◆ WHAT TO DO ◆
In the entries below, locate the line with "3月7日,十三届全国人大五次", then give again that line and all lines after it, exactly, with pictures omitted.

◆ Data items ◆
Start of Block

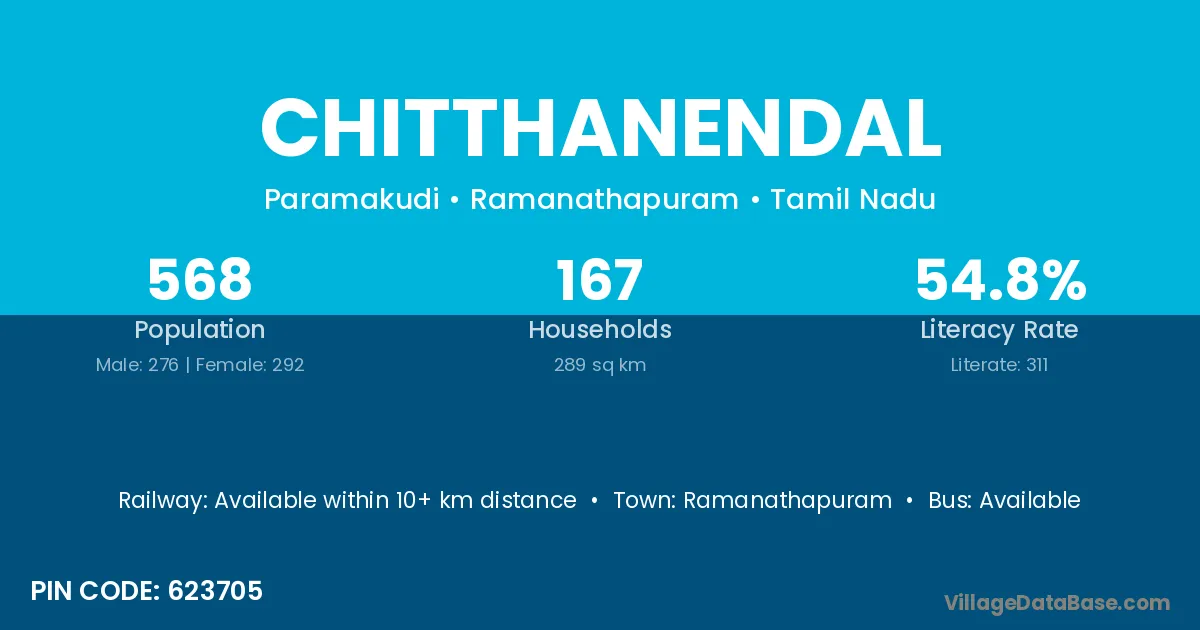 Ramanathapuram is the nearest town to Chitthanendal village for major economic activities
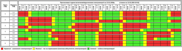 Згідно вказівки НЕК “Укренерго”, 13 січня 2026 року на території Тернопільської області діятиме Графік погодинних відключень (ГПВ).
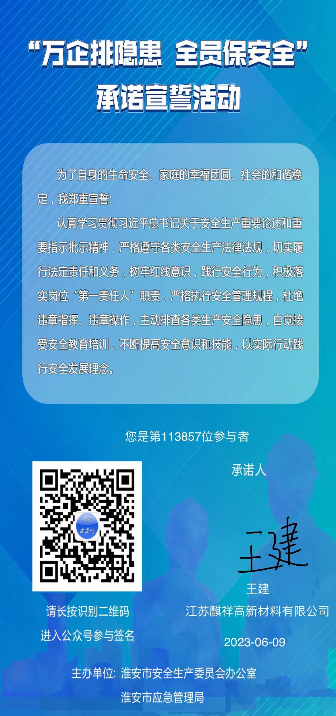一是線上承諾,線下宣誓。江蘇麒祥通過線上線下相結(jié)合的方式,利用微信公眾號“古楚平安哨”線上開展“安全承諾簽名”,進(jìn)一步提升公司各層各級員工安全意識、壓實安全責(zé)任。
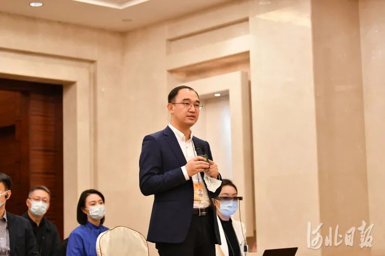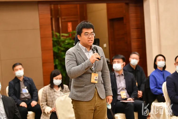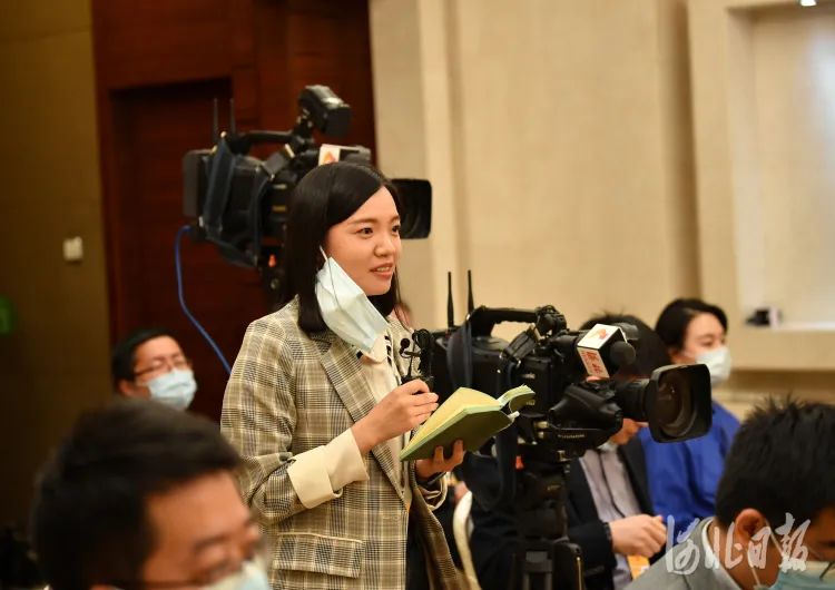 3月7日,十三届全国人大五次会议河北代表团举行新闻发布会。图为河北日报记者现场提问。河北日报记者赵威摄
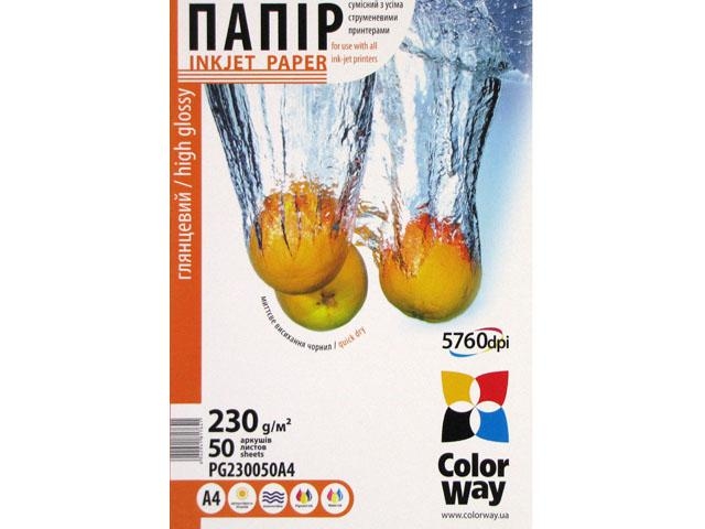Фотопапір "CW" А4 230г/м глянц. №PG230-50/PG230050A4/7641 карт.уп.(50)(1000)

End of Block

◆ SOLUTION ◆
 3月7日,十三届全国人大五次会议河北代表团举行新闻发布会。图为河北日报记者现场提问。河北日报记者赵威摄
Фотопапір "CW" А4 230г/м глянц. №PG230-50/PG230050A4/7641 карт.уп.(50)(1000)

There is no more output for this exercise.